■ Task instructions ■
Set down the line containing "- 目前CWT商業攤位全面採" and each line after it through the last line of the records, exactly, leaving pictures out.

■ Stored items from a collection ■

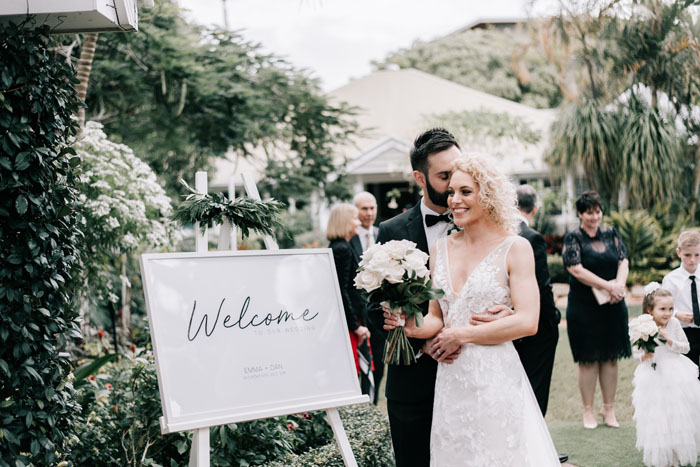 After a beautiful Gold Coast wedding ceremony, the celebrations moved to Bumbles Cafe on Budds Beach. “We loved our reception venue because it had such a unique character with books, photo frames, candles and vases decorating each section of the cafe,” gushes Emma. Bumbles Cafe offered a totally unique space so Emma and Daniel kept their reception décor refined with elegant black and white theming. “We added long tables with white coverings and napkins, black and white signage as well as white flower arrangements,” shares Emma. The reception styling was elevated by enchanting details such as striking green foliage in mason jars and beautiful white pillar candles in glass cylinder holders.
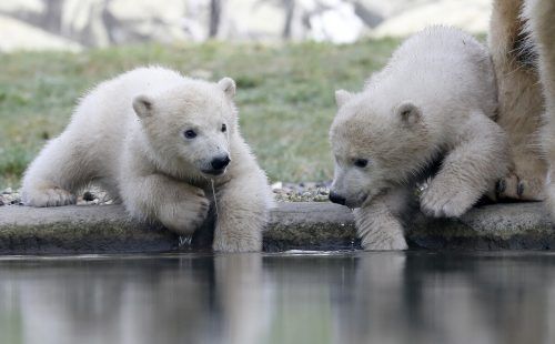 Die beiden im November im Rostocker Zoo geborenen Eisbärmädchen wurden nun auf die Namen Kaja und Skadi getauft. Nach ihrer Taufe eroberten die kleinen Eisbär-Zwillinge zusammen mit Mama Sizzel die Außenanlage und zeigten sich dabei zum ersten Mal den Zoobesuchern. dpa
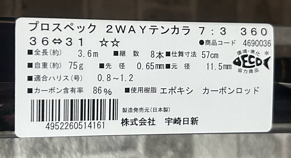 渓流釣りシーズン終盤在庫処分祭・新品・未使用・即決あり 宇崎日新PROSPEC2WAYテンカラ7:3 360定価¥20,800円税込 日本製 MADEINJAPAN
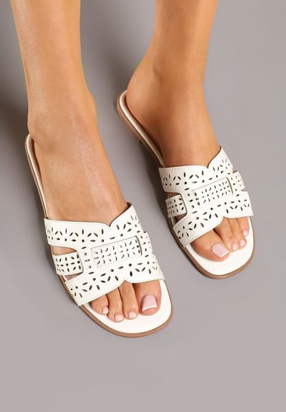Białe Klapki Ozdobione Ażurowym Wzorem Lavialira
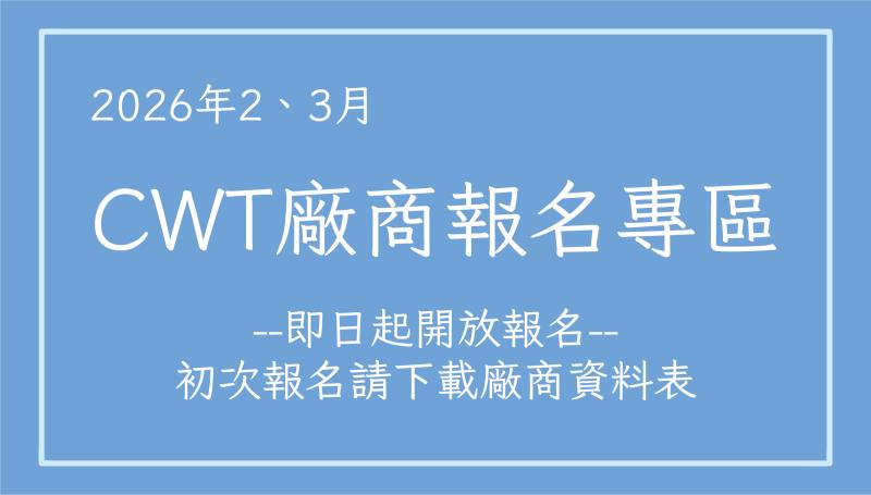 - 目前CWT商業攤位全面採「官網廠商資料表下載報名」請至CWT官網「廠商報名」下載報價單。
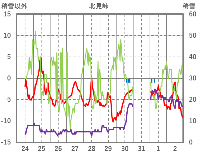 | 日 | 時 | 気温 | 降水 | 風向/風速 | 日照 | 積雪 | 降雪 |
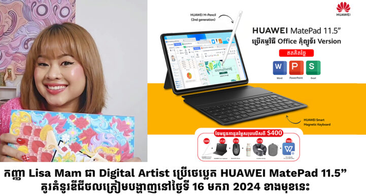 ពិតជាគួរឱ្យស្ងើចសរសើរដល់កញ្ញា Lisa Mam ដែលជា Digital Artist មួយរូបកំពុងទទួលបានការគាំទ្រខ្លាំងតាមរយៈគំនូរឌីជីថលរបស់កញ្ញា។ មិនត្រឹមតែប៉ុណ្ណោះ កញ្ញា Lisa Mam ក៏ទទួលបានការសហការណ៍ជាមួយក្រុមហ៊ុន Huawei ទៅលើថេប្លេត HUAWEI MatePad 11.5” ដោយកញ្ញ Lisa បានគូរគំនូរឌីជីថលដែលបង្ហាញពីសិល្បៈ វប្បធម៌ រួមជាមួយបច្ចេកវិទ្យាទំនើបមិនធ្លាប់មាន។ គំនូរឌីជីថលដ៏ស្អាតផូសផង់នេះ កញ្ញា Lisa បានប្រើប៊ិច HUAWEI M-Pencil 2nd Gen គូរលើថេប្លេត HUAWEI MatePad 11.5”

■ Answer space ■
 - 目前CWT商業攤位全面採「官網廠商資料表下載報名」請至CWT官網「廠商報名」下載報價單。
 | 日 | 時 | 気温 | 降水 | 風向/風速 | 日照 | 積雪 | 降雪 |
 ពិតជាគួរឱ្យស្ងើចសរសើរដល់កញ្ញា Lisa Mam ដែលជា Digital Artist មួយរូបកំពុងទទួលបានការគាំទ្រខ្លាំងតាមរយៈគំនូរឌីជីថលរបស់កញ្ញា។ មិនត្រឹមតែប៉ុណ្ណោះ កញ្ញា Lisa Mam ក៏ទទួលបានការសហការណ៍ជាមួយក្រុមហ៊ុន Huawei ទៅលើថេប្លេត HUAWEI MatePad 11.5” ដោយកញ្ញ Lisa បានគូរគំនូរឌីជីថលដែលបង្ហាញពីសិល្បៈ វប្បធម៌ រួមជាមួយបច្ចេកវិទ្យាទំនើបមិនធ្លាប់មាន។ គំនូរឌីជីថលដ៏ស្អាតផូសផង់នេះ កញ្ញា Lisa បានប្រើប៊ិច HUAWEI M-Pencil 2nd Gen គូរលើថេប្លេត HUAWEI MatePad 11.5”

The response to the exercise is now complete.